Se 30 anni fa con il valore equivalente di 100 kg di grano si potevano acquistare 30 kg di pane, oggi se ne comprano solamente 8 kg. Un rapporto che ben spiega la distorsione tra prezzi al consumo e prezzi all’origine e che ha come vittime gli agricoltori.
L’allarme lo lancia Confagricoltura Toscana che vuole fare chiarezza sulle notizie dei rincari dei generi alimentari.
“I prezzi all’origine delle produzioni agricole primarie sono in netto e costante calo da anni - precisa Francesco Miari Fulcis, presidente di Confagricoltura Toscana - a farne le spese sono gli agricoltori che perdono redditività costantemente tutti gli anni”.

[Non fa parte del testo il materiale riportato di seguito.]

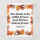 Plongez-vous dans l'esprit de gratitude avec notre collection Give Thanks, inspirée de la vérité intemporelle du Psaume 107:1, « Louez le Seigneur, car il est bon ; son amour dure à toujours. » Cette collection sert de rappel sincère de la bonté constante et de l'amour sans limite de Dieu. Chaque article est conçu avec prière pour vous aider à exprimer votre gratitude et à partager ce message puissant avec les autres. Que vous décoriez votre maison, que vous offriez un cadeau à un être cher ou que vous cherchiez un encouragement quotidien, la collection Give Thanks est créée pour élever votre esprit et maintenir votre cœur centré sur la bonté éternelle de Dieu.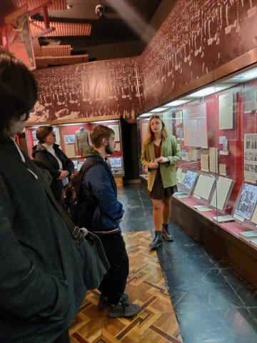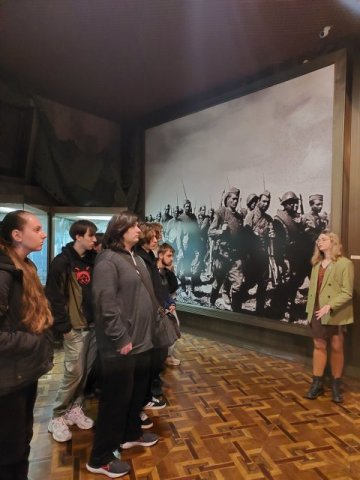 Під час візиту студенти ознайомилися зі стаціонарною експозицією музею «Капсула часу», яка розповідає про події напередодні та впродовж Другої світової війни на території України. Сім тематичних залів, об’єднані інсталяцією «Дорога війни», проводять відвідувачів крізь історію найбільшого збройного конфлікту ХХ століття – від 1933 року до повної окупації України, демонструючи події у хронологічній послідовності. Завершується експозиція Залом пам’яті – символічним простором, де вшановують усіх загиблих, як військових, так і мирних жителів.

Secondo le rilevazioni Ismea e della Camera di Commercio di Bologna, i prodotti all’origine, dal 2012 al 2017, hanno subito una contrazione dei prezzi (indice di prezzo = 100) del 5% sulla frutta, da 136,6 a 129,35, del 3,5% sugli ortaggi, da 121 a 116,8, dell’8% per il frumento duro (prezzo €/t) da 250 a 230, del 28,8% per il frumento tenero (prezzo €/t) da 260 a 185. Questo al di là di alcuni picchi mensili, come per tantissimi prodotti di prima necessità.
Da questa analisi di mercato dei prezzi, “gli agricoltori - continua Miari Fulcis - risultano doppiamente penalizzati, da un lato l’inflazione dall’altro la contrazione di consumi dovuta a rincari alla distribuzione finale. Solo per fare un esempio: per fare colazione al bar (pasta e cappuccino) l’agricoltore deve allevare e vendere l’equivalente di un pollo intero. Gli agricoltori devono riappropriarsi della loro redditività che deve permettere la prosecuzione delle attività, effettuare gli investimenti necessari utili anche per il mantenimento del paesaggio e di tutto l’ambiente rurale”.